The problem >> In the data that follows, find the line with "У діалоговому вікні"; transcribe it, every later line up to the one with "1.在我的界面点击高级设置。", and that line as well, exactly and with no others.

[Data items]

Content starts

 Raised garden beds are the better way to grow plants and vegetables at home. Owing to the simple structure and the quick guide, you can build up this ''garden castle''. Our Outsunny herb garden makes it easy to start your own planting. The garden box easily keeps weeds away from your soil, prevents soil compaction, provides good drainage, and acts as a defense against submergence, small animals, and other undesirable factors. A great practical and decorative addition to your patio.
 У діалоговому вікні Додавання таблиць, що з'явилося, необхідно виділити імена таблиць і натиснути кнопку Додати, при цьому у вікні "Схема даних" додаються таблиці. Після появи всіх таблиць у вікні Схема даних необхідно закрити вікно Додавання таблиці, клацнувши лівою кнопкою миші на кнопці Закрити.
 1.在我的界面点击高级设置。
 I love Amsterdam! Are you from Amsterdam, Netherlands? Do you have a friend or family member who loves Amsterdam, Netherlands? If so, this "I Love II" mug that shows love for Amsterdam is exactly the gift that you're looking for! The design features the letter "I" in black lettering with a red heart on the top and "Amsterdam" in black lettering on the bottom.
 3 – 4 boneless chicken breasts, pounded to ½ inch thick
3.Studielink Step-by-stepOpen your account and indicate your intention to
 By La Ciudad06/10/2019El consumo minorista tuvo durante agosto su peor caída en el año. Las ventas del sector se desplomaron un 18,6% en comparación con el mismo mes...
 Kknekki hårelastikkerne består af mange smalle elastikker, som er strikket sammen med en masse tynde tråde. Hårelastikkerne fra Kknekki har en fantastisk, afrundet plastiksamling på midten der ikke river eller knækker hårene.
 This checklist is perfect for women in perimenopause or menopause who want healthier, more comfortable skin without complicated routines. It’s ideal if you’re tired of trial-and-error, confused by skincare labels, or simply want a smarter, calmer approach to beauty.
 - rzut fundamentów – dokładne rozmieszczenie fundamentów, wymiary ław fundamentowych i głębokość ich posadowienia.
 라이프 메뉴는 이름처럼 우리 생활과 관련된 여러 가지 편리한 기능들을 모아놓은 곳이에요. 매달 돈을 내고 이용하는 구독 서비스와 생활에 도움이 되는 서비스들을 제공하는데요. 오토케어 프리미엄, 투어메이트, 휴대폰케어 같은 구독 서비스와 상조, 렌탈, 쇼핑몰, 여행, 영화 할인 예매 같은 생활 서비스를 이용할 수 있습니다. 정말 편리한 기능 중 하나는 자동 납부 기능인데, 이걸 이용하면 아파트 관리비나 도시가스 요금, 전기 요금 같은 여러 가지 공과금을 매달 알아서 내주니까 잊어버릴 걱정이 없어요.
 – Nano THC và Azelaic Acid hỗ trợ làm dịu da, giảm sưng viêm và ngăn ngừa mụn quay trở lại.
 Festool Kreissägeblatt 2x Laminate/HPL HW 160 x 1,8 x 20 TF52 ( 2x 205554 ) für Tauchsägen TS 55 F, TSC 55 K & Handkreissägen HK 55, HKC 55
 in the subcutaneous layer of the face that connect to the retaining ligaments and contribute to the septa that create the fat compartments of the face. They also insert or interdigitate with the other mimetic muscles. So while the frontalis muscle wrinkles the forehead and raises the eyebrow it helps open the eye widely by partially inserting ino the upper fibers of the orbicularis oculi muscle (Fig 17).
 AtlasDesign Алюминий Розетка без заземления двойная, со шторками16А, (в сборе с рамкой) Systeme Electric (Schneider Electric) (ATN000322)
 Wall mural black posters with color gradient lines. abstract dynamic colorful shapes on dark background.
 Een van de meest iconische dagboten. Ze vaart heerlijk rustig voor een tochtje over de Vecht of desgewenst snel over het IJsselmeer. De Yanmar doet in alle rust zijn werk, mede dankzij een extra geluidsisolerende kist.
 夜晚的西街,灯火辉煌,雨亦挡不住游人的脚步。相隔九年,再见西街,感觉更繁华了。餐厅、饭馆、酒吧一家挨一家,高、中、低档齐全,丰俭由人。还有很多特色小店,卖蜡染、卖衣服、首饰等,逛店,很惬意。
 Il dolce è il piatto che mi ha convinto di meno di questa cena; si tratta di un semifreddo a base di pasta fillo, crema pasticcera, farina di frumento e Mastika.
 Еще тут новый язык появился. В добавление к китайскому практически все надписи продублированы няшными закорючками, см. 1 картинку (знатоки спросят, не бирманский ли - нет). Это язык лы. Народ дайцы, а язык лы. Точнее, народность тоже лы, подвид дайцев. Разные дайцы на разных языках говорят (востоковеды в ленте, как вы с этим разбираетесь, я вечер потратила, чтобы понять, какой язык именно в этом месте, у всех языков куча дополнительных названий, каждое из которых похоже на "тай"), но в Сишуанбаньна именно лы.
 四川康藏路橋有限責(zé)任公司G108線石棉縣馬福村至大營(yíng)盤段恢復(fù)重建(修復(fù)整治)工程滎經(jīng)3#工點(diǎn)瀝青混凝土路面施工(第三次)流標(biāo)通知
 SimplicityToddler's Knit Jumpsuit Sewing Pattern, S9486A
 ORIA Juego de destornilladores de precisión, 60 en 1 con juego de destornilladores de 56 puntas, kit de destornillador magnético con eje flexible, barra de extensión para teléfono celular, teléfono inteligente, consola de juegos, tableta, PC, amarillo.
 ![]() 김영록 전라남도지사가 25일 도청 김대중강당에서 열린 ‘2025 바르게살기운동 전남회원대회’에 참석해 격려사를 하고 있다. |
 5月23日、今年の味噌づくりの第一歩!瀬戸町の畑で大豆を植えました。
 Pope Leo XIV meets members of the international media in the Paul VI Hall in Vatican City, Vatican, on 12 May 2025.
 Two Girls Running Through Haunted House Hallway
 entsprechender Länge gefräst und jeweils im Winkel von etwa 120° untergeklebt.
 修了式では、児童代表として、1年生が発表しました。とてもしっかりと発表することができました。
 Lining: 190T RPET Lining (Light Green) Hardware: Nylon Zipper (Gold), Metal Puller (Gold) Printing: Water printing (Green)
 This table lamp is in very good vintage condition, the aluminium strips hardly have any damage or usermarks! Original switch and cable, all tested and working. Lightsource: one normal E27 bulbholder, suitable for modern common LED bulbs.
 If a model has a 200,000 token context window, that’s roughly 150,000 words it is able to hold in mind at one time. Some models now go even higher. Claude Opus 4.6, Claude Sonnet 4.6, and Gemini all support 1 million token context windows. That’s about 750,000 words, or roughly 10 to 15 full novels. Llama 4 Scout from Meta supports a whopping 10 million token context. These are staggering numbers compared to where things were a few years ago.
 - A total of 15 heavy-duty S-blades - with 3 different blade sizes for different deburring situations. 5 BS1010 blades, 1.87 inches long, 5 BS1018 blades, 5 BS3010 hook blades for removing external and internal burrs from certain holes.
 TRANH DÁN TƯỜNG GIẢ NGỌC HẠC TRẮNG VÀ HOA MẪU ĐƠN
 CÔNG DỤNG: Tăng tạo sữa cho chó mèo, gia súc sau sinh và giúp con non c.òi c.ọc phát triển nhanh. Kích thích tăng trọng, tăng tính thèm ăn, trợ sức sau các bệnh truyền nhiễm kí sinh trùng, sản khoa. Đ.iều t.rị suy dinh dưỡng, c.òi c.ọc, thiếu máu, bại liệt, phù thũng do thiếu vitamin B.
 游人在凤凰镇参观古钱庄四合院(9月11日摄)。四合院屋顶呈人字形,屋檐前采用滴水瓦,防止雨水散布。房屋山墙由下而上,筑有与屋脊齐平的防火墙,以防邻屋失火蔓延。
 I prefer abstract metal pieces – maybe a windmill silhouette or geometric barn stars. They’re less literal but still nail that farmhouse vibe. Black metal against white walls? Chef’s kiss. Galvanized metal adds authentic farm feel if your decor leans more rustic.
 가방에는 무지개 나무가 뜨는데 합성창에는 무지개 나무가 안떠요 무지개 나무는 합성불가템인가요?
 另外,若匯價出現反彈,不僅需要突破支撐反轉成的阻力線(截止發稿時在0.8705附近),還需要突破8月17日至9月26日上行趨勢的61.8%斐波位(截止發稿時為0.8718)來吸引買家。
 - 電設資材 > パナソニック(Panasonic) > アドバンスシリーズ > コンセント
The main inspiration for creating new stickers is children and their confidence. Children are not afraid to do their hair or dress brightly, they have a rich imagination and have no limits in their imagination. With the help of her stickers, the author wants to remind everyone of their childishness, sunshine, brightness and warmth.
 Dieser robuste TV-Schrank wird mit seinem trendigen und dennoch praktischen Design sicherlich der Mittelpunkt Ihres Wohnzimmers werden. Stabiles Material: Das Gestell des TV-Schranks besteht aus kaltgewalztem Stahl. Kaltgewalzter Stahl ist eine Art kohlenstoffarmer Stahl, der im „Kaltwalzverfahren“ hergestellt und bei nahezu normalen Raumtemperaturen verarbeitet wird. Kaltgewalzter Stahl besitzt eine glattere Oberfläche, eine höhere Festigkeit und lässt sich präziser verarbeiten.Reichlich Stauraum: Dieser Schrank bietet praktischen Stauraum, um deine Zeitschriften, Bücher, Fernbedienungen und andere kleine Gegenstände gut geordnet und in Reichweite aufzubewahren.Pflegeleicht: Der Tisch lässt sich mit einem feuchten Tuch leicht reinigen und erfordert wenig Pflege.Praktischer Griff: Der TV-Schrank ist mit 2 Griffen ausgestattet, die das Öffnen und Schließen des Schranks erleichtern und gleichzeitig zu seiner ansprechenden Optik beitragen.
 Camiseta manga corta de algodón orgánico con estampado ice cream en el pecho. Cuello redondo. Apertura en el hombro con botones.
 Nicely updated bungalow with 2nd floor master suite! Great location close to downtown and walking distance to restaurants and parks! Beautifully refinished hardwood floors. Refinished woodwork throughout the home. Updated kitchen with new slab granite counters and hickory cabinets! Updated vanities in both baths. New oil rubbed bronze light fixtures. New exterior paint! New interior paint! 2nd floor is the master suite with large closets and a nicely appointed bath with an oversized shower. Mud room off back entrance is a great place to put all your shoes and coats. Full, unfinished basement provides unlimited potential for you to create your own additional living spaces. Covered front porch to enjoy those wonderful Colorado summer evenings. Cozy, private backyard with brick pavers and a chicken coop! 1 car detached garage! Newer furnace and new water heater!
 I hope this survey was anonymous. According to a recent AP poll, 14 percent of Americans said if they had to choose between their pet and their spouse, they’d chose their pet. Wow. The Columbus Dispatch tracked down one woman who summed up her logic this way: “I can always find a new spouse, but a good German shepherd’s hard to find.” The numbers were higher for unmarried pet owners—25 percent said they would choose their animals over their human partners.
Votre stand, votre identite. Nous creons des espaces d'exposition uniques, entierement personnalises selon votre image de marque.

Content ends

Expected output >>
 У діалоговому вікні Додавання таблиць, що з'явилося, необхідно виділити імена таблиць і натиснути кнопку Додати, при цьому у вікні "Схема даних" додаються таблиці. Після появи всіх таблиць у вікні Схема даних необхідно закрити вікно Додавання таблиці, клацнувши лівою кнопкою миші на кнопці Закрити.
 1.在我的界面点击高级设置。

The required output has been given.